One interested programmer is Octave Orgeron, a 25-year-old programmer who once worked at Sun and who now is involved in Solaris 10 projects at Barclays Global Investors. He also builds Solaris versions of open-source software such as the Vim and Emacs editors.

"I'm planning on testing it out on my Netra at home and a couple of Ultra2's at work," he said in an e-mail. He thinks Sun handled the OpenSolaris debut well for the most part—though he added, "I think the launch could have used a little more publicity."

And Wesolowski, who tried to ensnare programmers with the 300 GCC-related bugs, has had some nibbles. "I've had some people ask in IRC about building with GCC and fixing some of the bugs," he said. But for now, "It's early—a lot of people are still just asking questions and trying to digest all the information."

Loiacono starts blogging

But the festivities haven't been just among the rank and file. John Loiacono, executive vice president of Sun's software group and the second-highest-ranking executive after Jonathan Schwartz, launched his blog Tuesday. "Open source is the methodology of this massively connected era," Loiacono said in the blog.

A lower-level executive view came from Glenn Weinberg, a 16-year Sun employee, a vice president in Sun's operating systems group, and a key employee in the creation of the Community Development and Distribution License that governs OpenSolaris. He described the challenge of vetting the OpenSolaris code.

"Going back and finding the provenance of every line of code in Solaris was, to put it mildly, hard," Weinberg said. "Whenever we found code that belonged to someone else, we either had to get their approval to release it as open source (assuming they still existed and we could find them), find an alternative, rewrite it or decide to release it as binary only."

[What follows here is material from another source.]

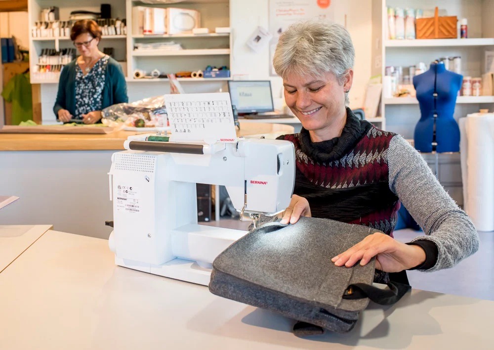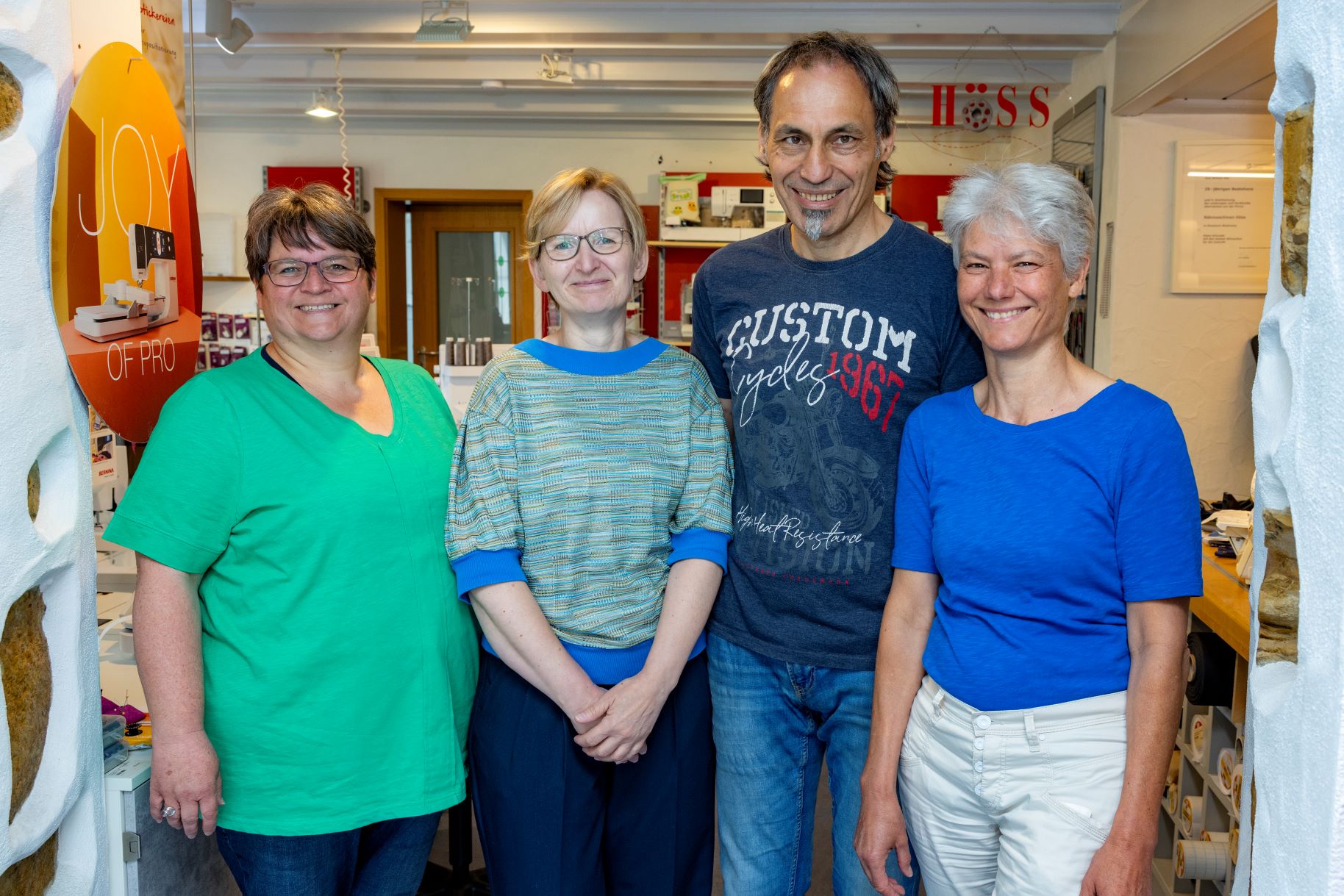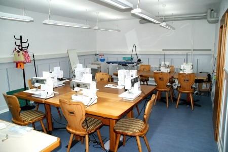 Das ist unser Geschäft in Wahlwies. Wir haben Verkaufsräume für Nähmaschinen und Zubehör sowie separate Räume für unsere regelmäßigen Nähkurse. Außerdem befindet sich im selben Gebäude unsere hauseigene Werkstatt.

There's plenty more vetting to be done. Though Sun released core parts of Solaris on Tuesday—much of the kernel and network components—the next three months will expand that and add code for encryption, a graphical interface, full-fledged GCC support and storage equipment.

In three to six months, Sun plans to release more core components and a tool used to manage source code. In the quarter after that come test suites and automated building and testing. Three months after that will be installation and some administration tools.